I Give Up, Too

Taking a page from Alec Baldwin’s remarkable manifesto in New York Magazine – which was to free-floating hostility what Ella Fitzgerald was to scat singing – I have decided to resign from public life as well.

I’m back in New York as it happens – and why is really none of your concern – and I notice the change when I go out the door. As soon as I try to leave the food market they start with the questions:

“Did you find everything you were looking for?”

“Do you want to buy a bag for ten cents?”

“Do you want your receipt?”

It used to be you could go out on the street and be left alone. Like many rubes from the provinces, I marveled at how, the first time I came here in the eighties, people would walk right by me when I tried to ask a question.
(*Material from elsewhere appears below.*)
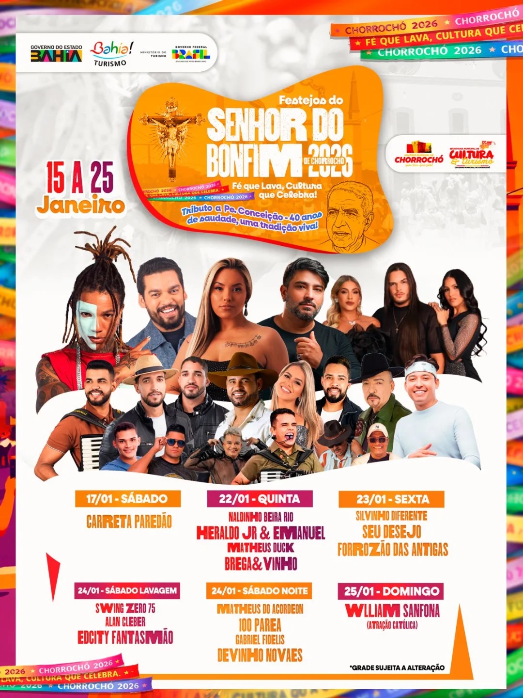Agora é oficial! A Prefeitura Municipal de Chorrochó divulgou a tão aguardada programação festiva da tradicional Festa do Senhor do Bonfim, que acontece entre os dias 15 a 25 de janeiro de 2026. A Fé que constrói a nossa história também preserva a memória de quem fez dela um legado,neste ano homenageia Padre Conceição, 40 anos após sua partida, sacerdote que deu origem à tradicional Lavagem do Bonfim, expressão viva de devoção e amor ao povo,o evento promete reunir fé, cultura e muita diversão para a população local e visitantes.

Then, over time, I came to understand that most people asking questions are a) trying to hustle you or b) too stupid to be real.

Or as the fellow said to the cop in Times Square, having asked many strangers: “Is there any way to get to the Statue of Liberty without fucking myself?”

You could count on people to leave you alone. I remember, having seen Eric Bogosian in one of his one-man shows the night before, walking past the monologist on a street in Soho. “Hey, great show last night!” I shouted. He looked at me like he wanted to call security.

Note to Alec: I don’t think Bogosian has many strangers bugging him these days.

Not that I’m saying Alec was overreacting but I did see him once on West 12th   Street. I happened to be on the phone and smiling about something when I made eye contact with him and he looked at me like I owed him money.  So paranoia may just be his Pepsodent.

But back to me. It used to be, here in Fort Greene (and wouldn’t you like to know my exact address?) you could count on no one asking you for nothing. Okay, there was that crack head that offered to blow me but she did call me “Sir.” Now total strangers emerge from the subway in the summer and ask, with a French accent, “Where is ze flea market?” Really, pal: Do I look like Fodor’s?

Which is why I’m moving to California. Actually, I moved to California last year – When? I don’t think’s that’s really any of your business – and the energy has changed in the Bay Area. Where people used to ask you inappropriate questions all the time – “How’s it going?” “What’s up?” – now most people are content to interact with their phones and leave you alone.

Except for the homeless people. They’re still asking me for money.

So if you want to find me you’ll have to use the phone book (“What’s that?” I hear you say) and then drive around my neighborhood and hope to see me out walking my dog.

What kind of dog? The nerve of some people.